Untuk mengatasi berbagai problema dalam pelaksanaan pembelajaran tentu diperlukan model-model pembelajaran yang di pandang mampu mengatasi kesulitan guru dalam melaksnakan tugas dan juga kesulitan belajar anak didik. Model dapat di pahami maknannya sebagai berikut:
a.       Suatu tipe atau desain.
b.      Suatu deskripsi atau analogi yang dengan langsung di amati.

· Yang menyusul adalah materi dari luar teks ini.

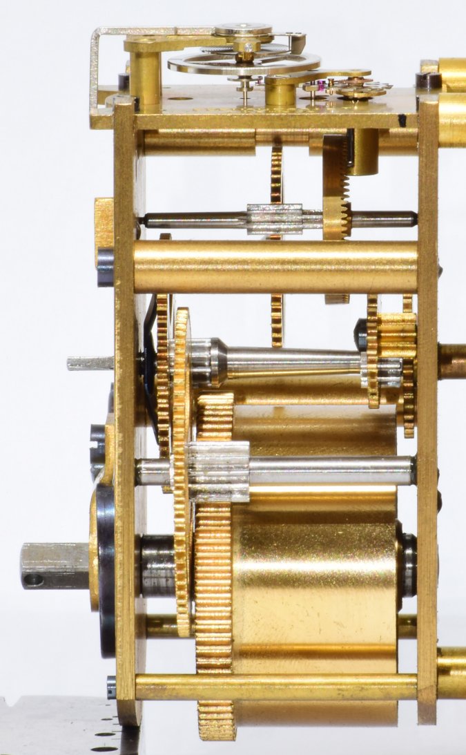 The last platform is mounted onto a movement that provides time only, which are more common than the chiming clocks, because the chiming clocks were even more expensive. |

c.       suatu sistem atau asumsi-asumsi, data-data dan obyek atau peristiwa
d.      Suatu desain yang disederhanakan dari suatu sistem kerja, suatu terjemahan realitas yang sederhana
e.       Suatu deskripsi dari suatu sistem yang mungkin atau imajiner
Model dirancang untuk mewakili realitas yang sesungguhnya. Walaupun model itu sendiri bukanlah dari dunia yang sebenarnnya. Dengan demikian model pembelajaran dapat di pahami sebagai keranggka konseptual yang mendeskripsikan dan melukiskan prosedur yang sistematik dalam mengorganisasikan pengalaman belajar dan pembelajaran untuk mencapai tujuan belajar tertentu, dan berfungsi sebagai pedoman bagi perencanaan pembelajaran bagi para guru. Empat katagori yang diperlukan dalam model pembelajaran yakni model imformasi, model personal, modelinteraksi, model tingkah laku. Salah satu model yang sangat berpengaruh dalam IPA adalah model pembelajaran konstruktivisme. Banyak cara belajar yang didasarkan pada teori kontruktivism , seperti cara belajar yang menekankan peranan murid dalam membentuk pengetahuannya, sedangkan guru lebih berperan pada fasilitator yang membentuk keaktifan murid dalam pembentukan pengetahuannya.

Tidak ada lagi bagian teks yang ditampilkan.